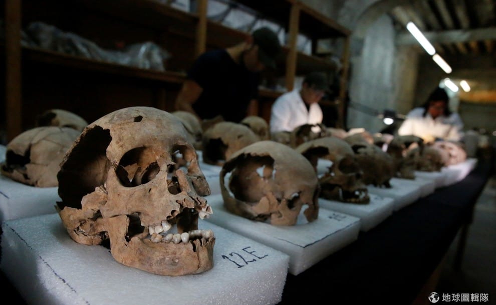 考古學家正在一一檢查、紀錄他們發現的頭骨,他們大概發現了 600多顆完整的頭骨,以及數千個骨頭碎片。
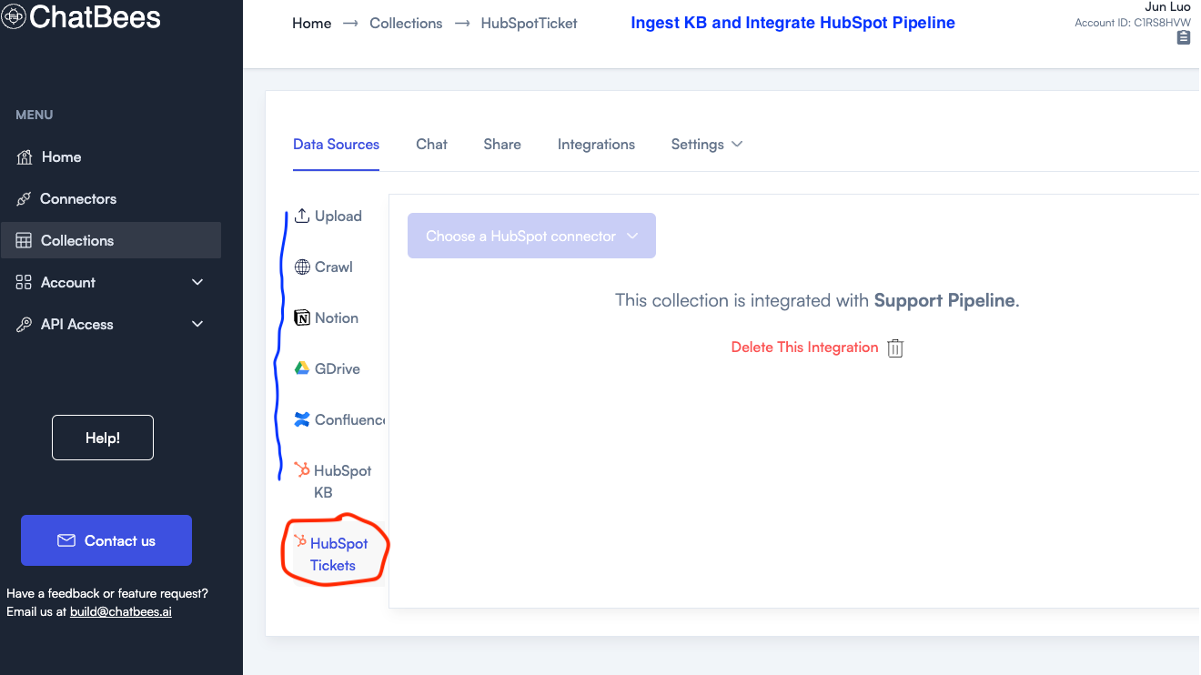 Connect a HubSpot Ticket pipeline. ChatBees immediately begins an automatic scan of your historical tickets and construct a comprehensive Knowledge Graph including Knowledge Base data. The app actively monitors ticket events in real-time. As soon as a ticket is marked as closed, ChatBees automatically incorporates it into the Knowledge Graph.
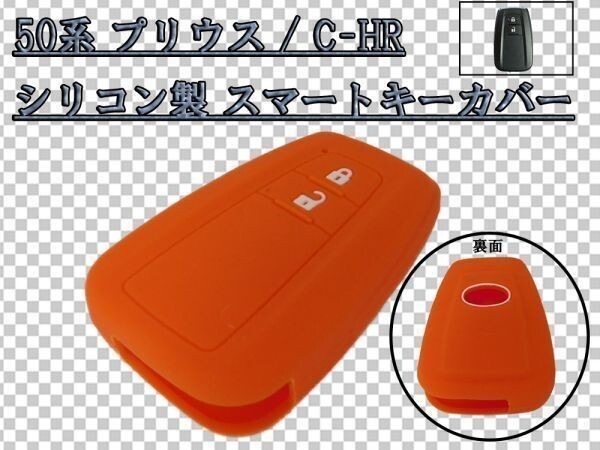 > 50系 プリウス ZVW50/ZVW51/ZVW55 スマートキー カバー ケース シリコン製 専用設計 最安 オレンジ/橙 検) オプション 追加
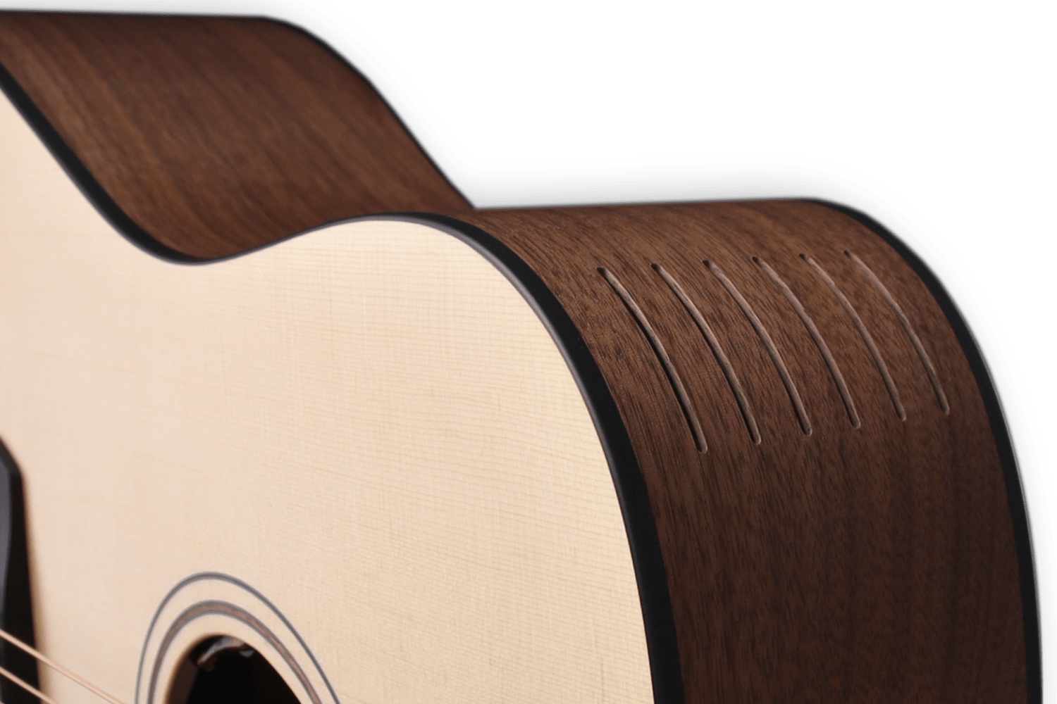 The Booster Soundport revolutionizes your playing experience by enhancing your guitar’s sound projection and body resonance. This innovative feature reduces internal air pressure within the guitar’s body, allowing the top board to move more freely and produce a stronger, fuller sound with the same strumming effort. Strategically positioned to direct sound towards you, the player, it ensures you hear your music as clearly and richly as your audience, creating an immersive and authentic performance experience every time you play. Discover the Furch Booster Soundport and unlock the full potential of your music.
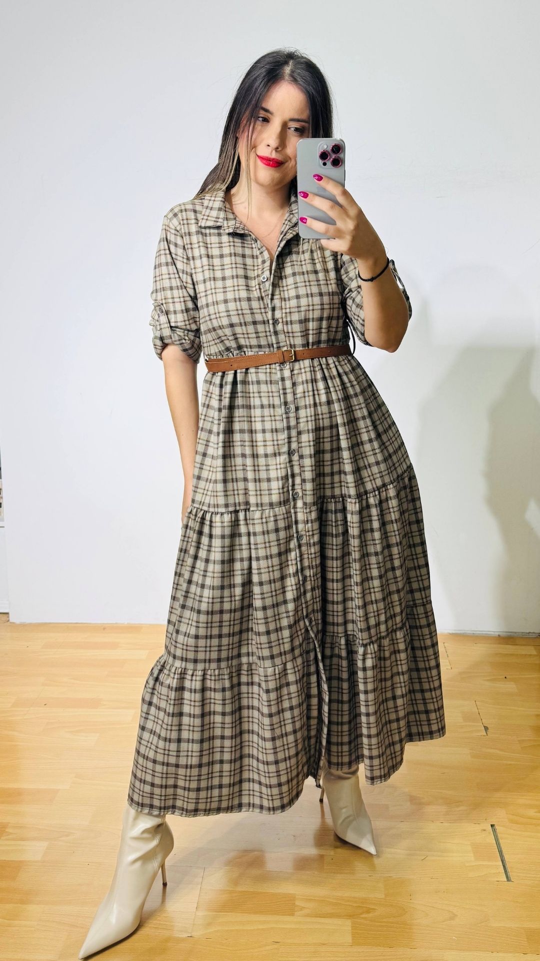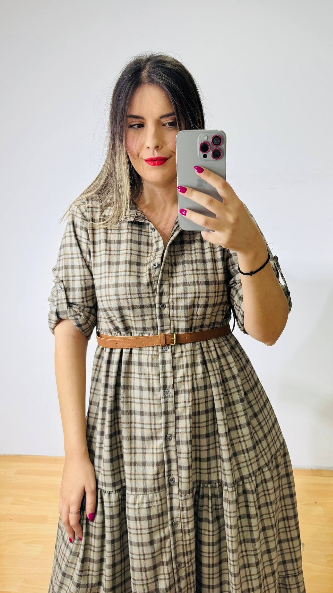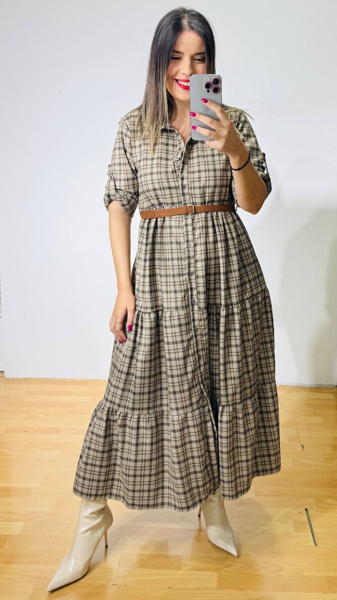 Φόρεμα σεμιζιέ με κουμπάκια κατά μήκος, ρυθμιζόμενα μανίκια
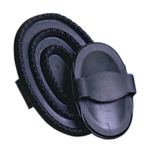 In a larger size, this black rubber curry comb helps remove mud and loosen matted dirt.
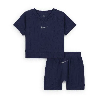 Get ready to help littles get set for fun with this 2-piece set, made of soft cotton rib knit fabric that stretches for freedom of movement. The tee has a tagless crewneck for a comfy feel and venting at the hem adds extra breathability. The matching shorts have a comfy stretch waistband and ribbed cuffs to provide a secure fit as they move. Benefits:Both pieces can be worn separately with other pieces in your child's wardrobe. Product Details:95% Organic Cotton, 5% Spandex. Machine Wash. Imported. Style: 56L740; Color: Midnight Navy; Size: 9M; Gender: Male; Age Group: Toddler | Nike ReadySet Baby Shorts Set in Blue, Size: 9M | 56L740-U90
--
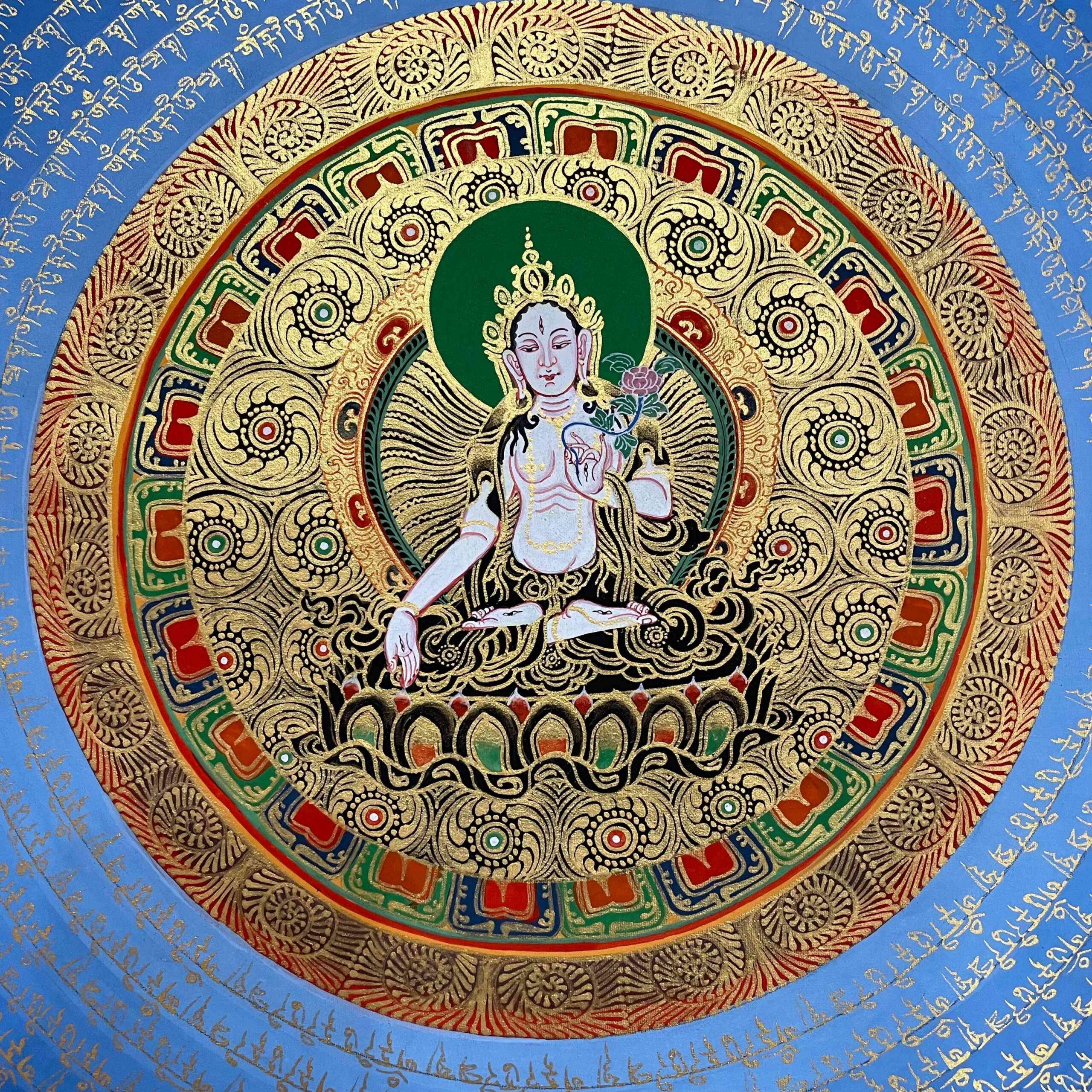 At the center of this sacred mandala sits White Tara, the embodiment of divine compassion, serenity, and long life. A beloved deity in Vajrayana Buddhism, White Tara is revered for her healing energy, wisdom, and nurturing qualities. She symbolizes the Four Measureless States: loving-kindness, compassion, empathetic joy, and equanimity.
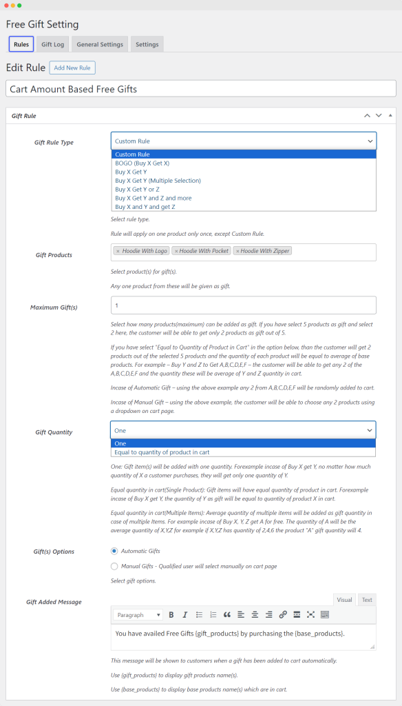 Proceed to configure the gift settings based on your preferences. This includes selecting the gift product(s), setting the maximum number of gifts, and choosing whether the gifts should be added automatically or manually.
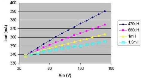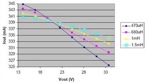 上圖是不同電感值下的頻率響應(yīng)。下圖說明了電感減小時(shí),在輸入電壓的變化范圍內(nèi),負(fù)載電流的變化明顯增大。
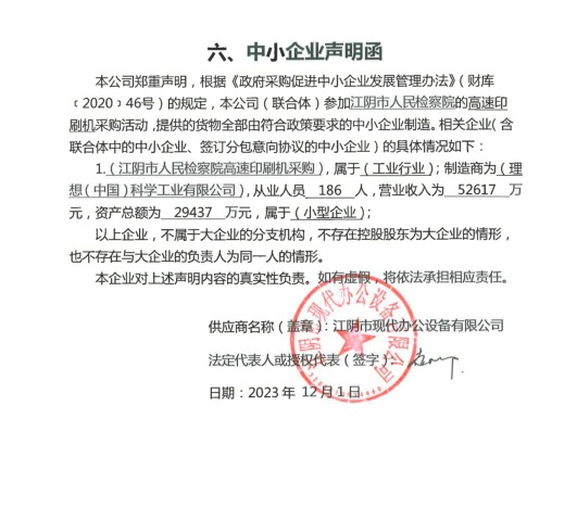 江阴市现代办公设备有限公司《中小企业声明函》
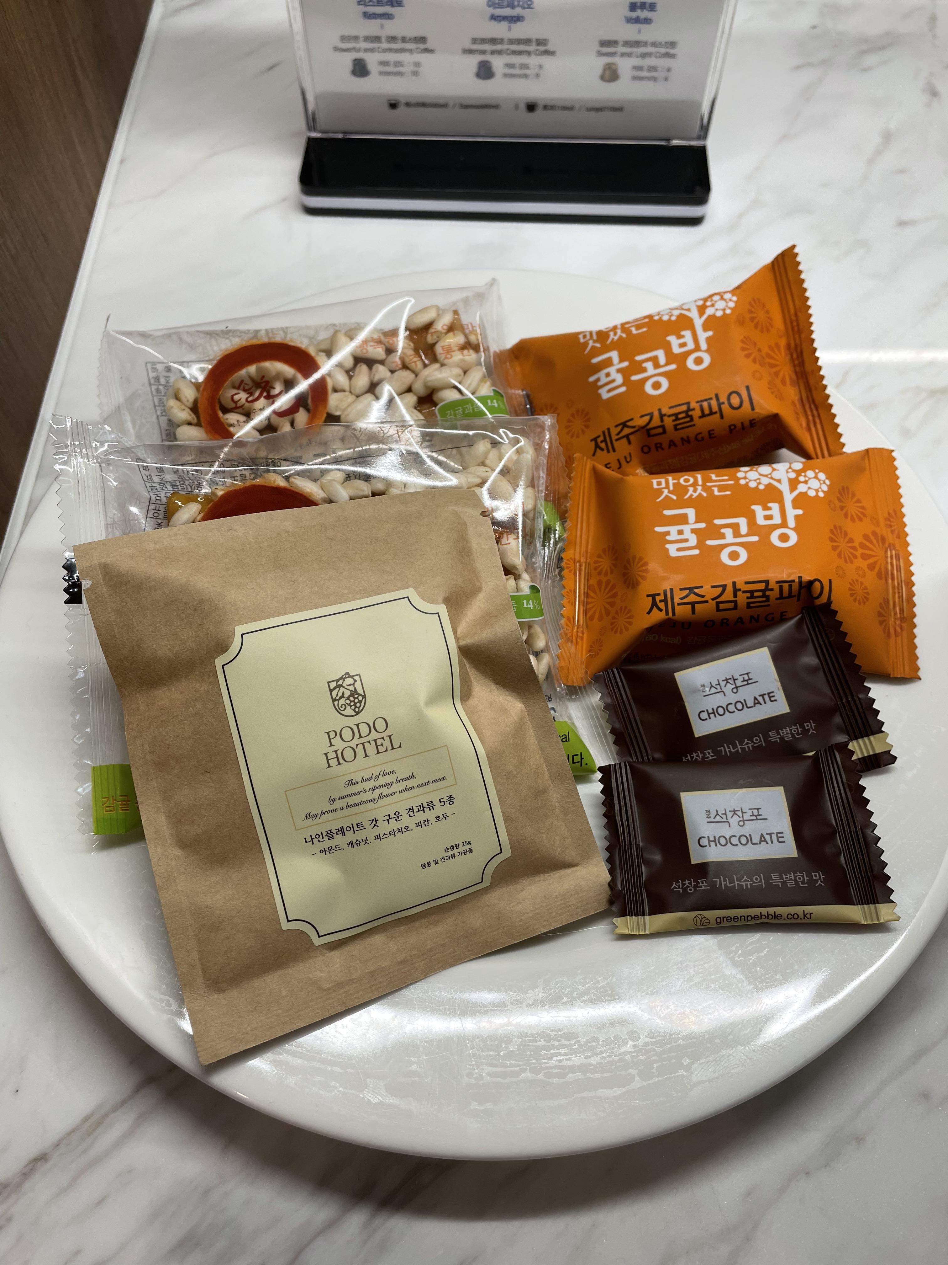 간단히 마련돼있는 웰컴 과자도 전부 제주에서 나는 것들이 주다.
...
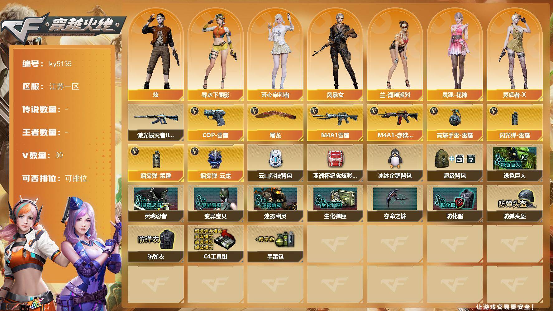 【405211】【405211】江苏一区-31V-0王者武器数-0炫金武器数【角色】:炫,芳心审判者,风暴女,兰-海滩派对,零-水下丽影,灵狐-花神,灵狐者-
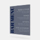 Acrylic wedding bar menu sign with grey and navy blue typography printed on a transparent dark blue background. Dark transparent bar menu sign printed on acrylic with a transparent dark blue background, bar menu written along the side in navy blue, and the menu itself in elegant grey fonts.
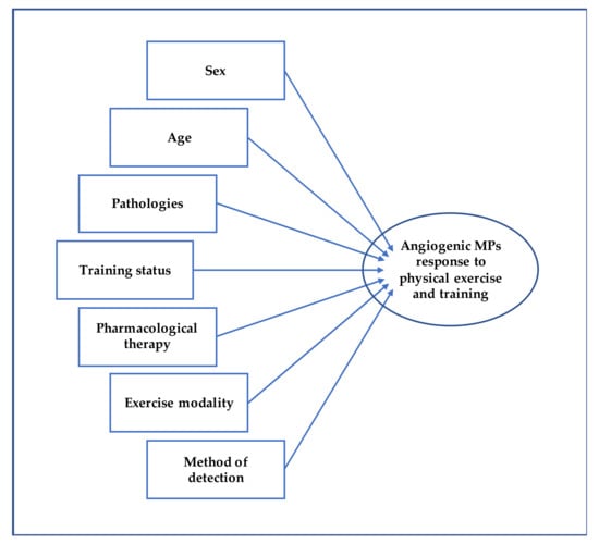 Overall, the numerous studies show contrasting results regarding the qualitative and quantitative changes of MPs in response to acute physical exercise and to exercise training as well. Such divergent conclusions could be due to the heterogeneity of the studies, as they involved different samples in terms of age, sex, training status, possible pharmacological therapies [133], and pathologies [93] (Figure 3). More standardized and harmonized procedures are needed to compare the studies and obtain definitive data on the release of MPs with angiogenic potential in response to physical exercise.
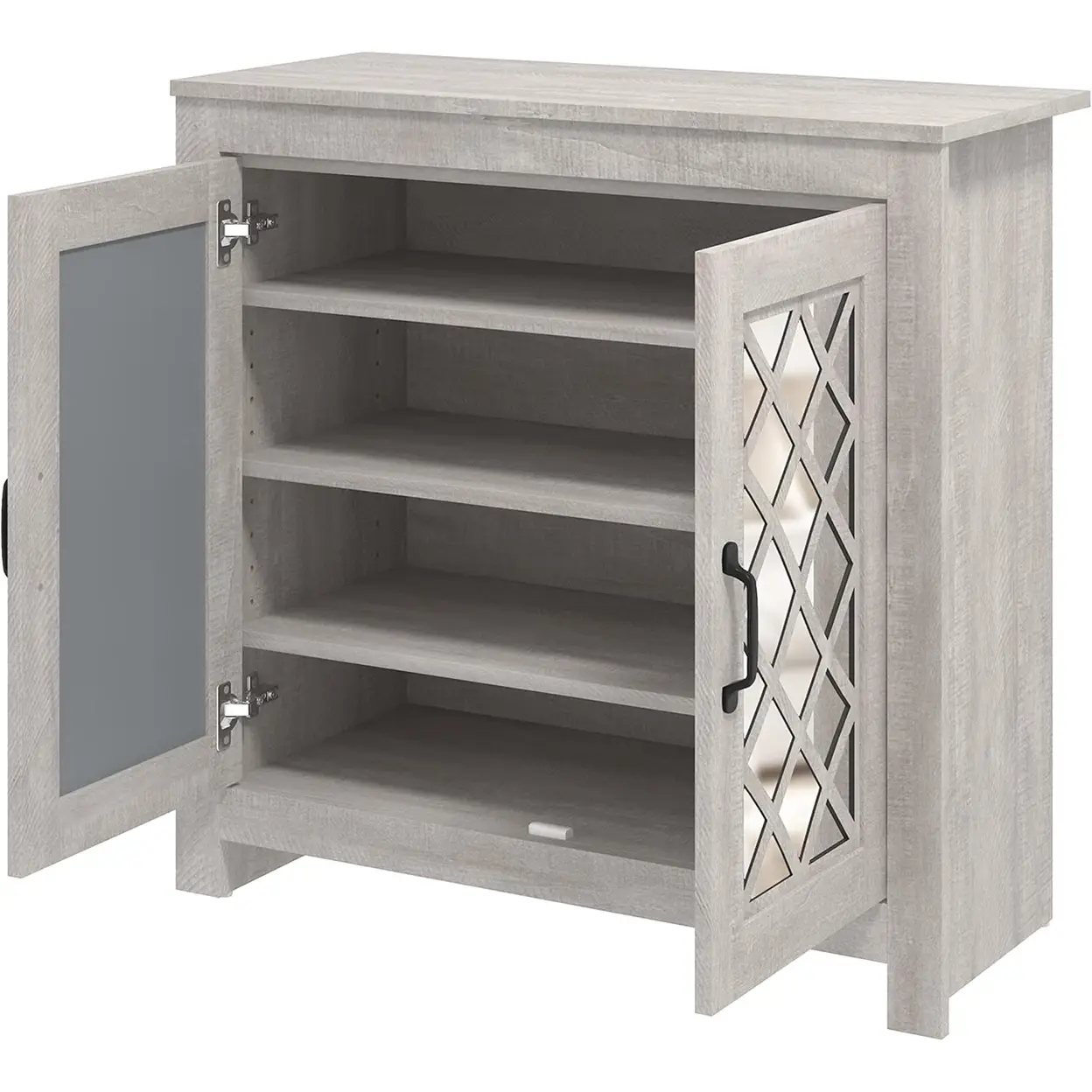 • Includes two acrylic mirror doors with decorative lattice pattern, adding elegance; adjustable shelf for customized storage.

What the exercise asks: Above are the records; copy from them only the lines starting at the one containing "考古學家正在一一檢查、紀錄他" and ending at the one containing "In a larger", exactly and without pictures.

Worked solution:
 考古學家正在一一檢查、紀錄他們發現的頭骨,他們大概發現了 600多顆完整的頭骨,以及數千個骨頭碎片。
 Connect a HubSpot Ticket pipeline. ChatBees immediately begins an automatic scan of your historical tickets and construct a comprehensive Knowledge Graph including Knowledge Base data. The app actively monitors ticket events in real-time. As soon as a ticket is marked as closed, ChatBees automatically incorporates it into the Knowledge Graph.
 > 50系 プリウス ZVW50/ZVW51/ZVW55 スマートキー カバー ケース シリコン製 専用設計 最安 オレンジ/橙 検) オプション 追加
 The Booster Soundport revolutionizes your playing experience by enhancing your guitar’s sound projection and body resonance. This innovative feature reduces internal air pressure within the guitar’s body, allowing the top board to move more freely and produce a stronger, fuller sound with the same strumming effort. Strategically positioned to direct sound towards you, the player, it ensures you hear your music as clearly and richly as your audience, creating an immersive and authentic performance experience every time you play. Discover the Furch Booster Soundport and unlock the full potential of your music.
 Φόρεμα σεμιζιέ με κουμπάκια κατά μήκος, ρυθμιζόμενα μανίκια
 In a larger size, this black rubber curry comb helps remove mud and loosen matted dirt.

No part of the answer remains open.